(Task to carry out)
Please repeat the listing below exactly, but do not include its pictures.

(Given information)
________________________

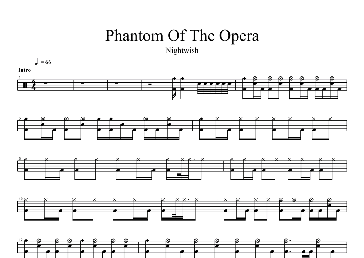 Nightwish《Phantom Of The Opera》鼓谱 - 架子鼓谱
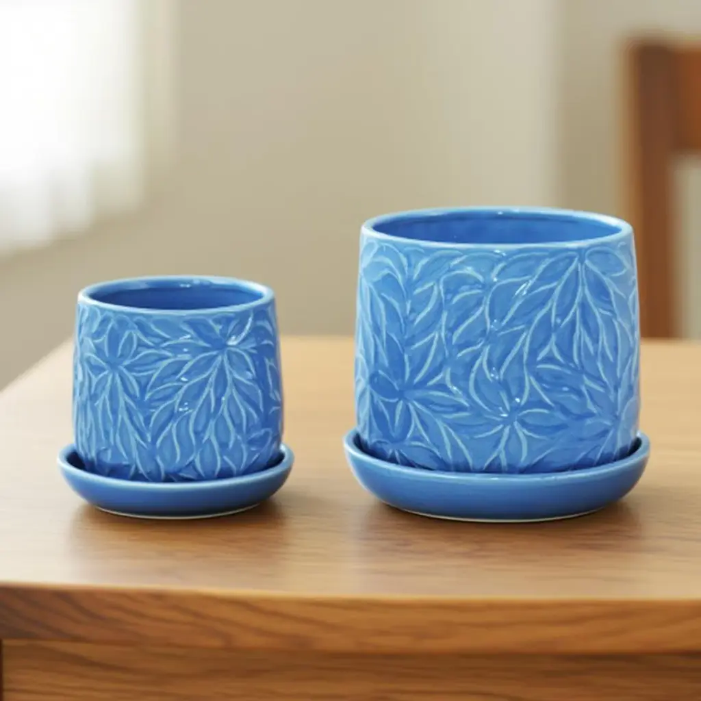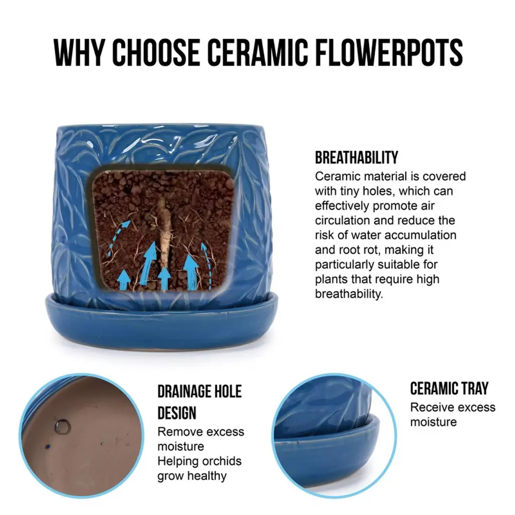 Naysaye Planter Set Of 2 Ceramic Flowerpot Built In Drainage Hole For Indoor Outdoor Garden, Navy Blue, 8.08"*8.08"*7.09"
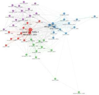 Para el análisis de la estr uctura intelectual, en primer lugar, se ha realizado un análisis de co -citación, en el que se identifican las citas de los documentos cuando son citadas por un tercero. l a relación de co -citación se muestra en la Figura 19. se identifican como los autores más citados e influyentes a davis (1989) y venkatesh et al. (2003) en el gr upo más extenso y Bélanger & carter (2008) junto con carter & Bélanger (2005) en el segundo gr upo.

________________________

(Written solution)
 Nightwish《Phantom Of The Opera》鼓谱 - 架子鼓谱
 Naysaye Planter Set Of 2 Ceramic Flowerpot Built In Drainage Hole For Indoor Outdoor Garden, Navy Blue, 8.08"*8.08"*7.09"
 Para el análisis de la estr uctura intelectual, en primer lugar, se ha realizado un análisis de co -citación, en el que se identifican las citas de los documentos cuando son citadas por un tercero. l a relación de co -citación se muestra en la Figura 19. se identifican como los autores más citados e influyentes a davis (1989) y venkatesh et al. (2003) en el gr upo más extenso y Bélanger & carter (2008) junto con carter & Bélanger (2005) en el segundo gr upo.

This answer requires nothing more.